Interest rates LIVE: Bank of England to announce major decision at 12pm

The Monetary Policy Committee (MPC) will meet today to determine whether the Bank of England Base Rate will change. Most experts predict the MPC will hold interest rates at 4% after sticky inflation figures and an uncertain economic outlook.
The base rate significantly impacts the cost of mortgages and loans, and influences the interest rates banks offer on savings accounts. It peaked at 5.25% in late 2023, but policymakers have reduced it to 4% in the months since as inflation dropped to more manageable levels. It’s currently rising at a pace of 3.8% - far lower than the 11% highs seen during 2022’s energy crisis, but still higher than the Bank’s 2% target. The Bank of England typically raises interest rates when inflation is high to curb spending and slow price increases.
Charlie Ambler, co-chief investment officer and partner at wealth management firm Saltus, said: “All signs point towards a hold in the base rate this week, and previous expectations of one or two further interest rate cuts this year now look unlikely.”
However, he pointed out that today’s decision could be an “opportunity” to reassure the markets that the Bank will not deviate from its long-term plan.
He said: “Ahead of November’s Budget, where the Chancellor is expected to announce further tax hikes, the Bank has an opportunity to provide certainty for investors in the interim. However, with inflation unlikely to return to the 2% target until the second quarter of 2027, any forward guidance will likely remain cautious.”

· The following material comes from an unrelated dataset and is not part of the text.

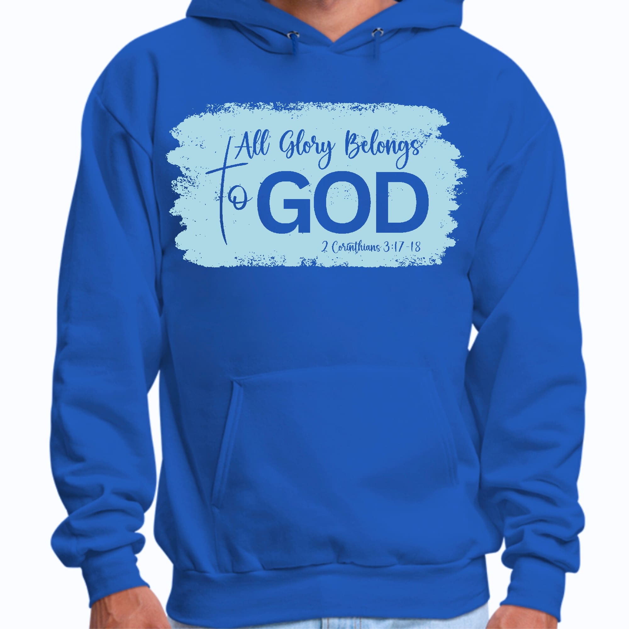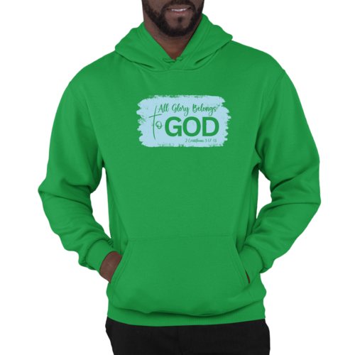 In summary, the Men's Graphic Hoodie: All Glory Belongs to God in Light Blue is more than just a hoodie; it's a representation of your faith and personal style. With its trendy design, quality materials, and functional features, it's a must-have addition to your wardrobe. Embrace your creativity and express your beliefs with this stylish and comfortable hoodie.

Others argue the country’s current economic landscape does not call for tighter monetary policy.
Tom Clougherty, executive director at the free market think tank the Institute of Economic Affairs, said: “But measured inflation can have different causes. Sometimes it is caused by bad monetary policy, as in the pandemic, when broad money growth was exceptionally high. That kind of inflation can and should be controlled by the Bank of England.

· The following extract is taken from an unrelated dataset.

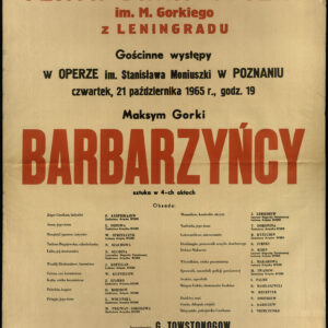 11.11.1965–14.11.1965Afisz gościnnego występu artystów Akademickiego Teatru Dramatycznego im. Maksyma Gorkiego w Leningradzie (dzisiaj Petersburg) w spektaklu Barbarzyńcy Maksyma Gorkiego

"What's happening now looks different. Rising prices are in large part being driven by Government policy in the form of higher taxes and regulatory costs, as well as long-running supply constraints. That demands a programme of economic liberalisation – not tighter monetary policy."
He added: “This persistently high inflation underlines the fact that Britain has a serious cost-of-living problem. We are paying the price for years of poor economic management in the form of lower living standards.”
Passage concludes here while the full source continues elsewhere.